Collected data:
--- --- ---
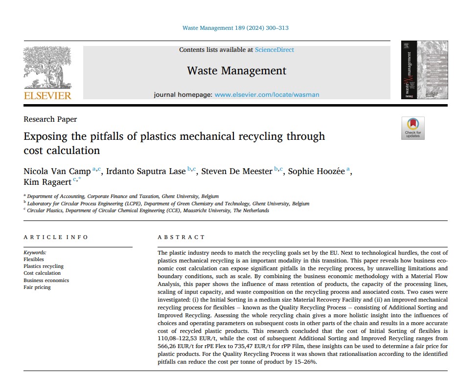Full reference: Van Camp, N., Lase, I.S., De Meester, S., Hoozée, S. & Ragaert, K. 2024. Exposing the pitfalls of plastics mechanical recycling through cost calculation. Waste Management.
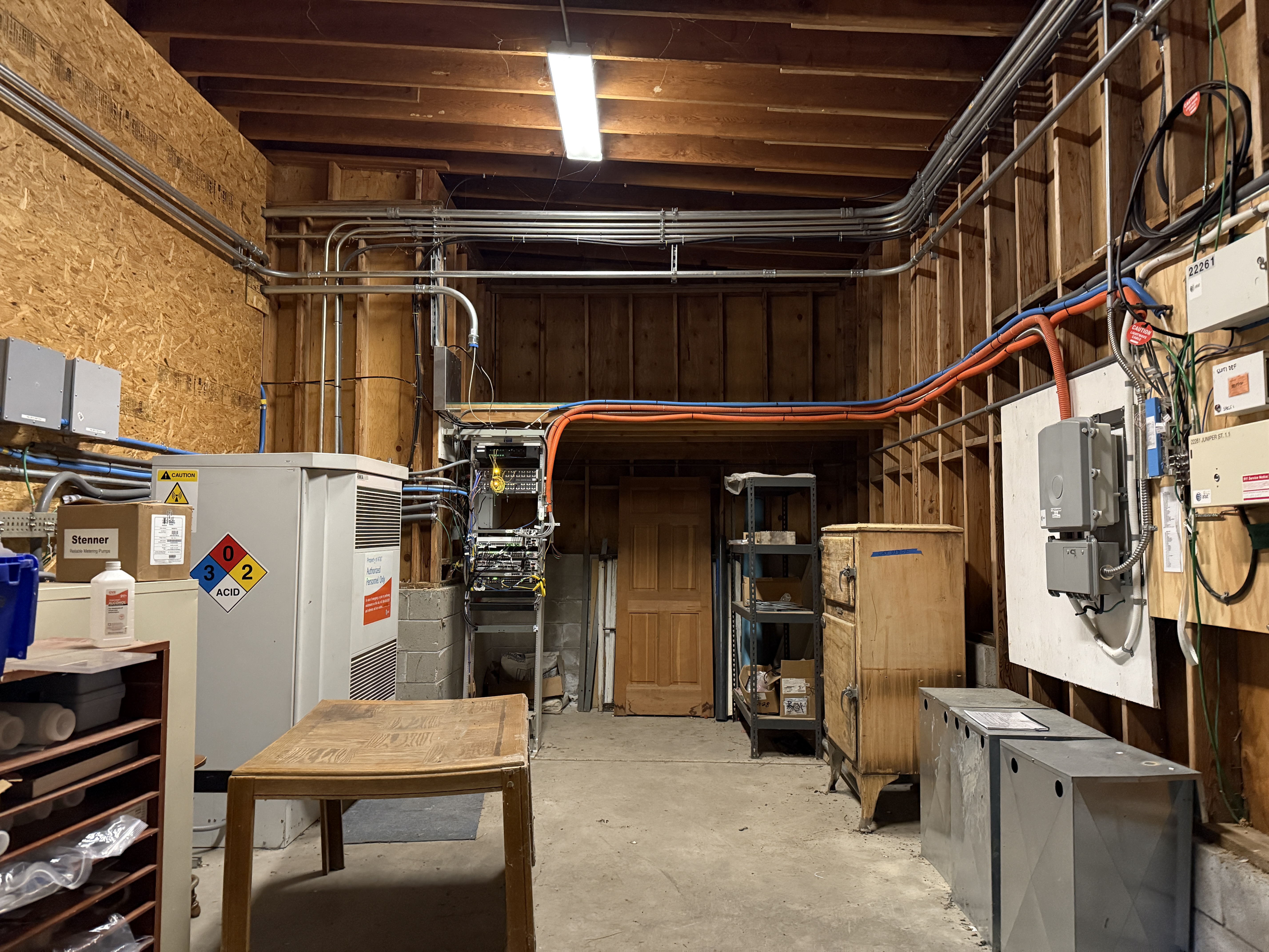The image shows an interior utility room with electrical and control equipment. Conduits and cables are running along the walls and ceiling. A large electrical panel with hazard labels is prominently visible. Various shelving units and storage cabinets are in the background. The room has unfinished wooden walls and concrete flooring, with a single overhead fluorescent light providing illumination.
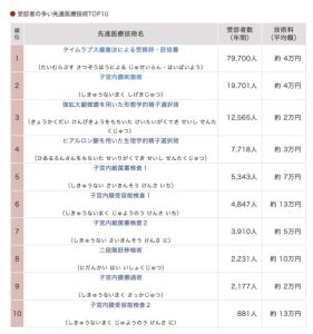 そして、あまり知られませんが、費用負担が数万円もの不妊治療系の先進医療はかなり利用者が多いです。
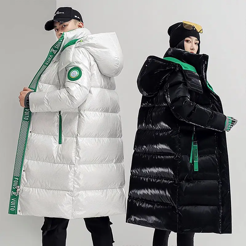 New Winter Jacket Men's Long Luxury Business Thickened Down Cotton Warm Parkas Men's Street Snow Cold-proof Hooded Padded Coat
--- --- ---
Aim of the task: Return the material above in exact form. Pictures stay out.

Task result:
Full reference: Van Camp, N., Lase, I.S., De Meester, S., Hoozée, S. & Ragaert, K. 2024. Exposing the pitfalls of plastics mechanical recycling through cost calculation. Waste Management.
The image shows an interior utility room with electrical and control equipment. Conduits and cables are running along the walls and ceiling. A large electrical panel with hazard labels is prominently visible. Various shelving units and storage cabinets are in the background. The room has unfinished wooden walls and concrete flooring, with a single overhead fluorescent light providing illumination.
 そして、あまり知られませんが、費用負担が数万円もの不妊治療系の先進医療はかなり利用者が多いです。
 New Winter Jacket Men's Long Luxury Business Thickened Down Cotton Warm Parkas Men's Street Snow Cold-proof Hooded Padded Coat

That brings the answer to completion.